厚生労働省では、200種類以上の農薬について農作物ごとの残留農薬基準値を定めていますが、この基準値を超えている農作物については、国産品、輸入品を問わず、流通、販売等が禁止されています。食品衛生法の改正(平成15年5月30日公布)
- 改正された食品衛生法では、農薬残留基準が見直され、食品中に残留する農薬などへのポジティブリスト制を導入しました。
ポジティブリスト制とは
- 原則全てを禁止し、残留を認めるもののみを一覧表にして示すという方式です(ネガティブリスト制:現行の規制で、原則自由であり、残留してはならないものを一覧表にして示す方式)。
ポジティブリスト制を導入することによって何がかわるの?
- これまでの日本の残留農薬の規制はネガティブリスト制に則った方式でしたが、この方式では残留基準が設定されていない農薬については、いくら残留があっても規制できず、輸入農産物の激増のなかで問題となっていました。

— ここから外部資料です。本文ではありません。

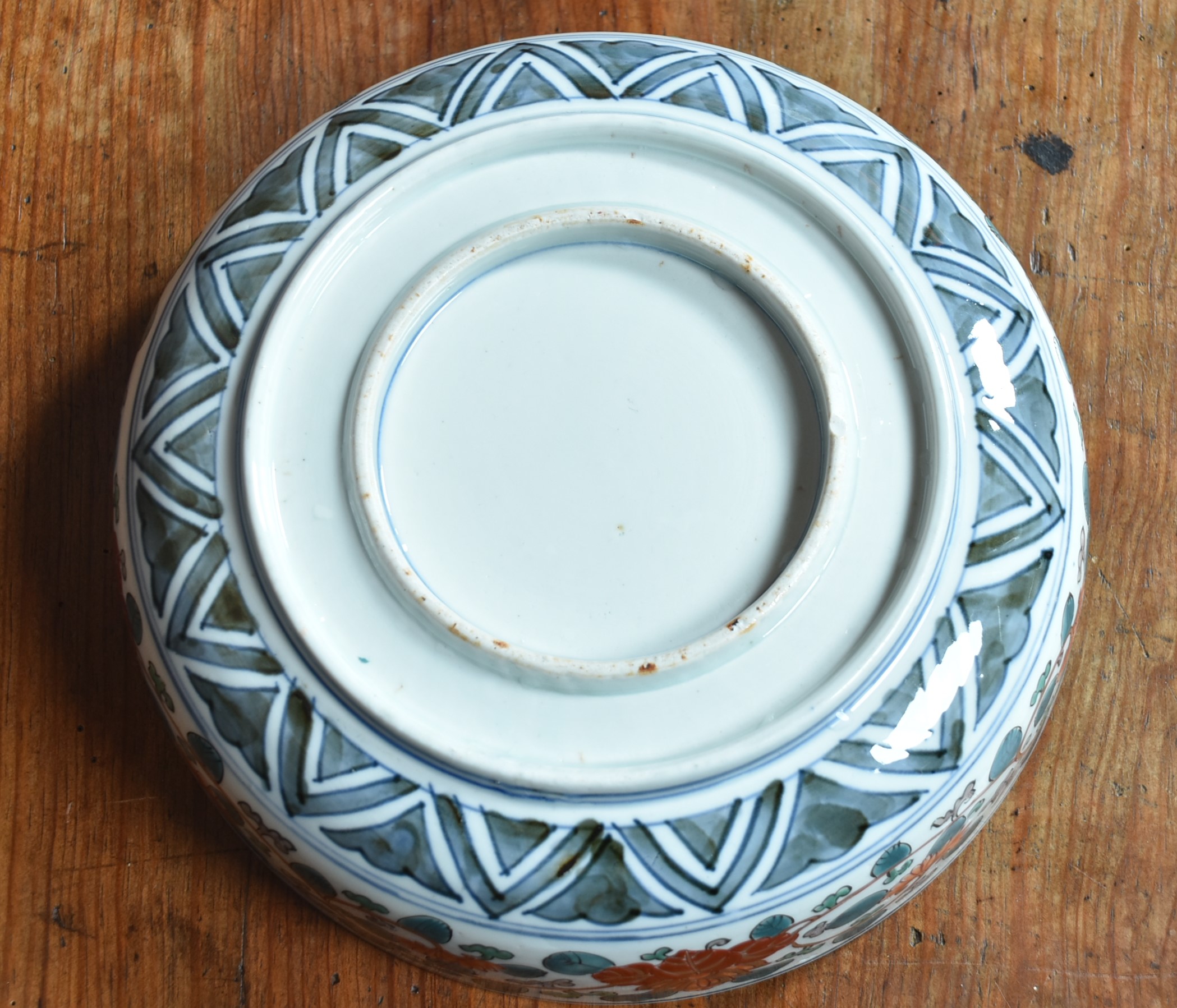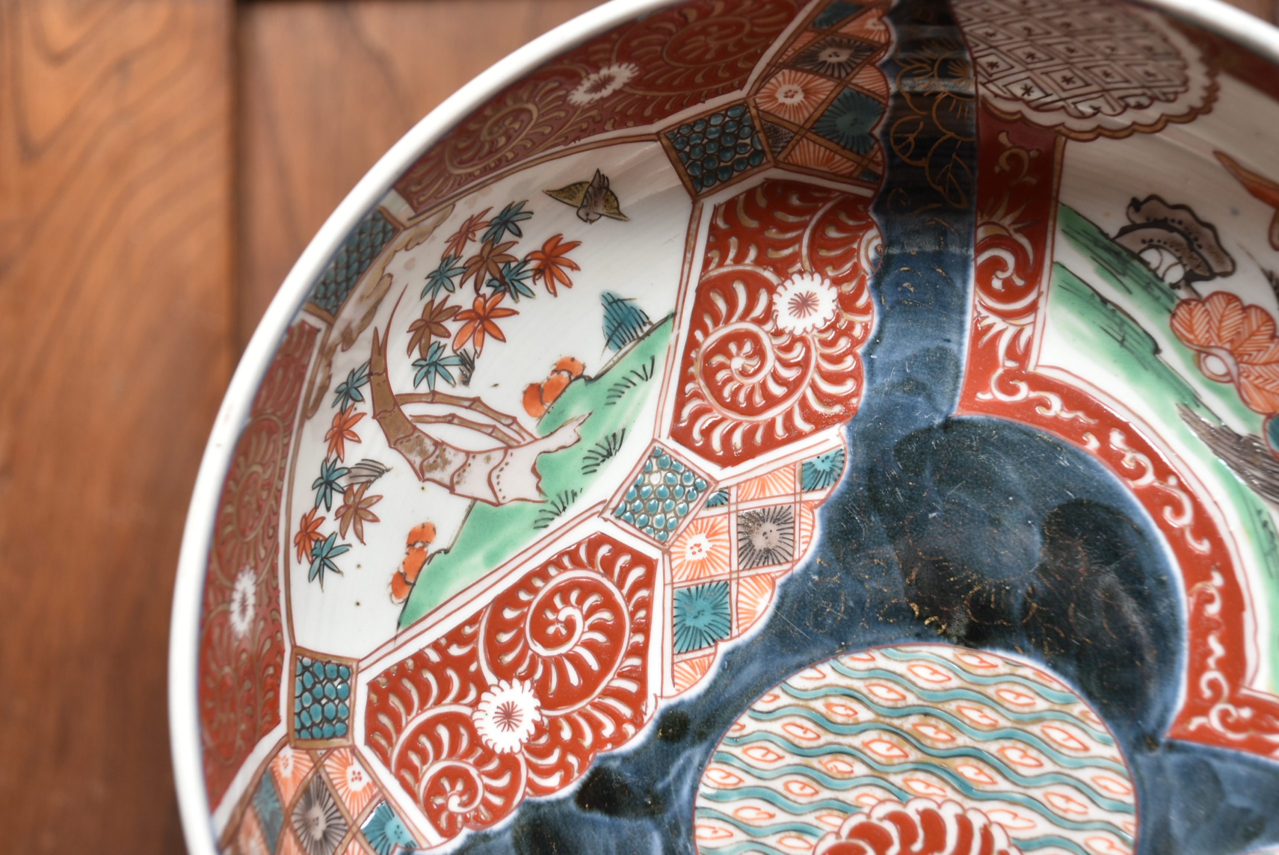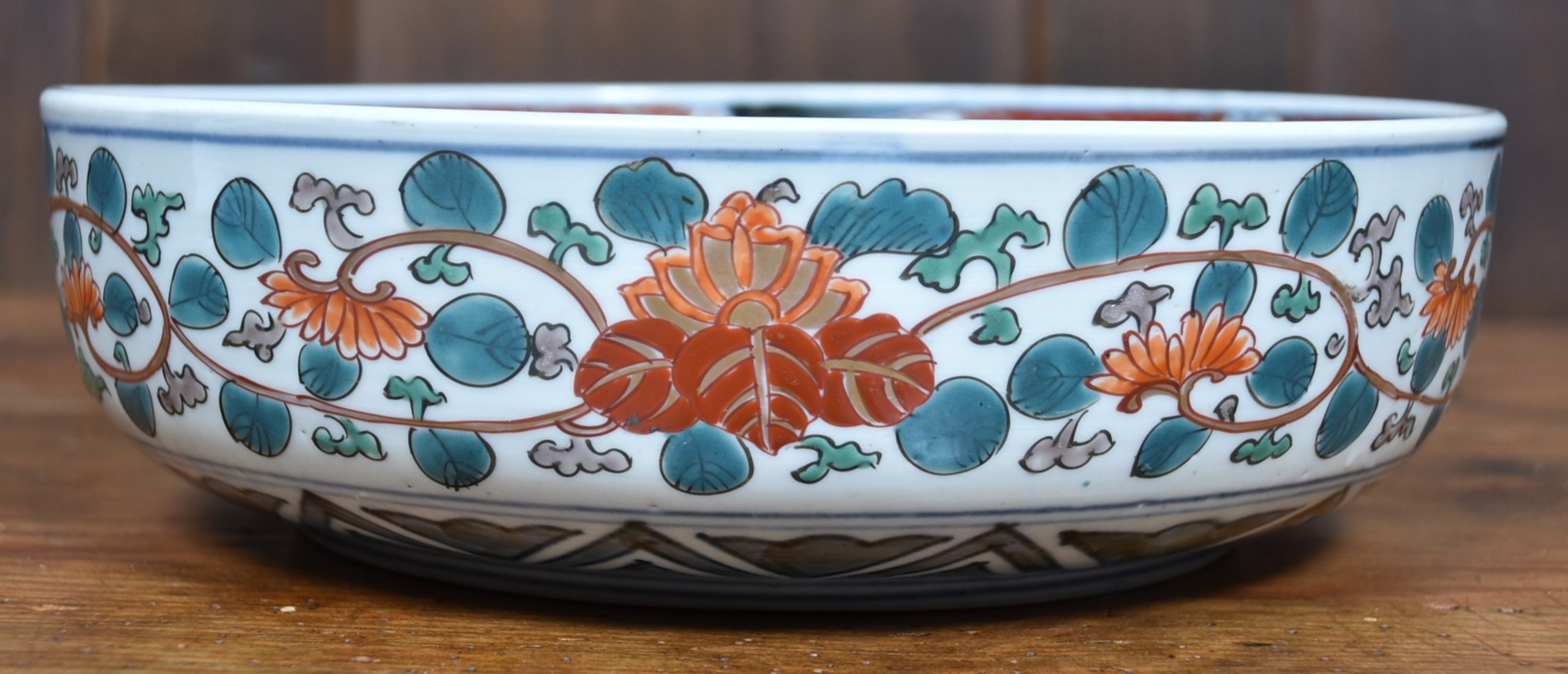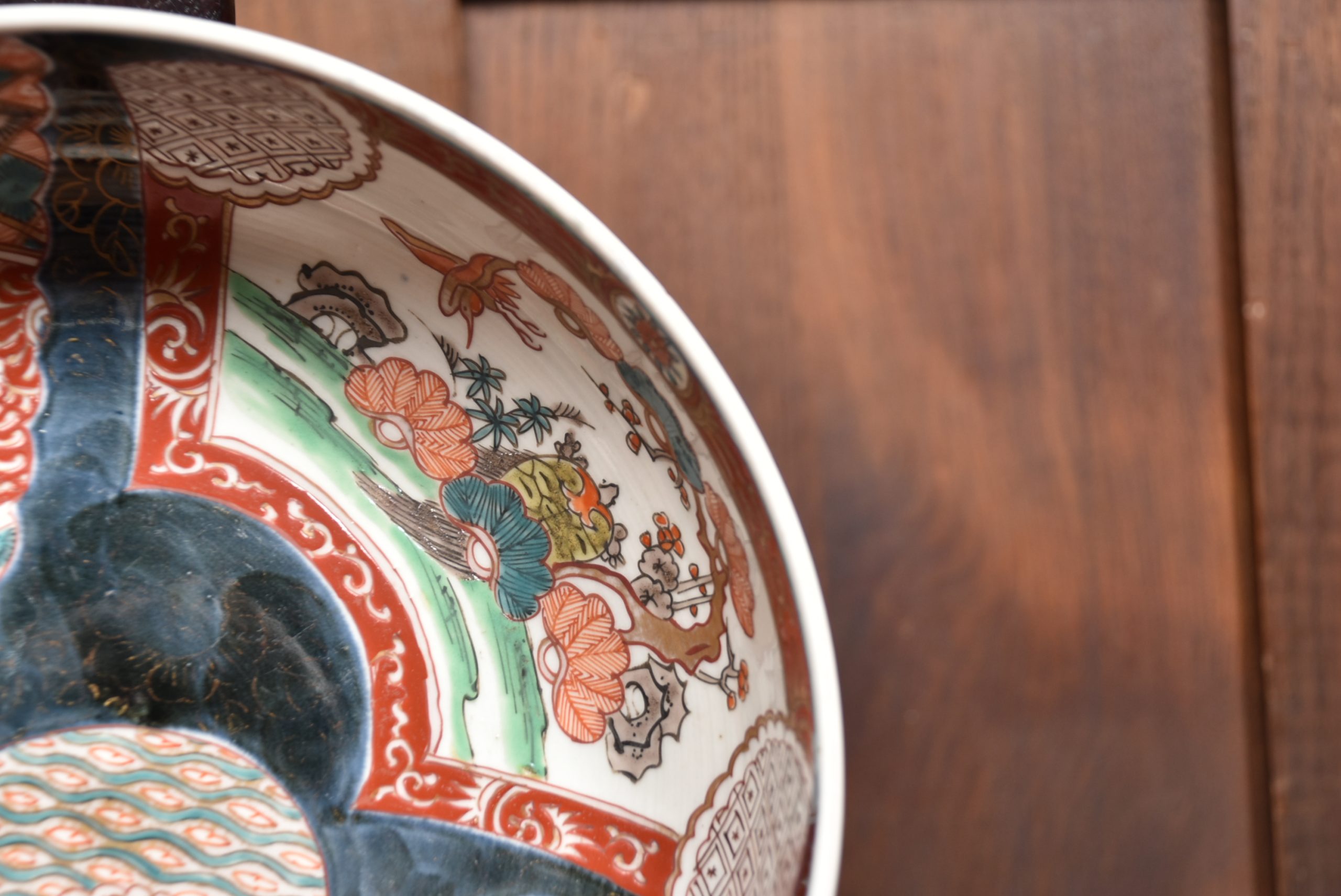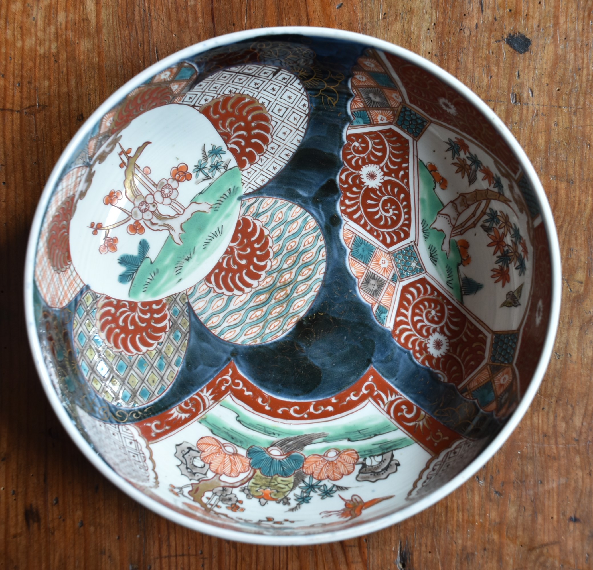 A richly decorated Japanese Imari bowl, featuring a vibrant palette of iron red, emerald green, cobalt blue, and gilt. The interior features alternating panels of traditional motifs, blossoming trees, stylised florals, and tranquil landscape scenes. The exterior is equally striking, hand-painted with a continuous band of stylised florals and foliage in coordinating tones. Delicate outlines lend rhythm to the decoration, while a fine blue line encircles the rim and a subtle geometric border finishes the lower edge. Together, these elements enhance the bowl’s sculptural presence and reflect the refined craftsmanship and export elegance characteristic of the Imari tradition.

新しく導入されるポジティブリスト制では、残留基準(及び暫定基準)の設定されている農薬については、その基準値内での作物への残留は認めていますが(基準をこえればその作物の流通は禁止されます)、それ以外の基準が設定されていない農薬の残留については、一律基準値を設定し、それを超えた残留がある農作物の流通を全面的に禁止できます。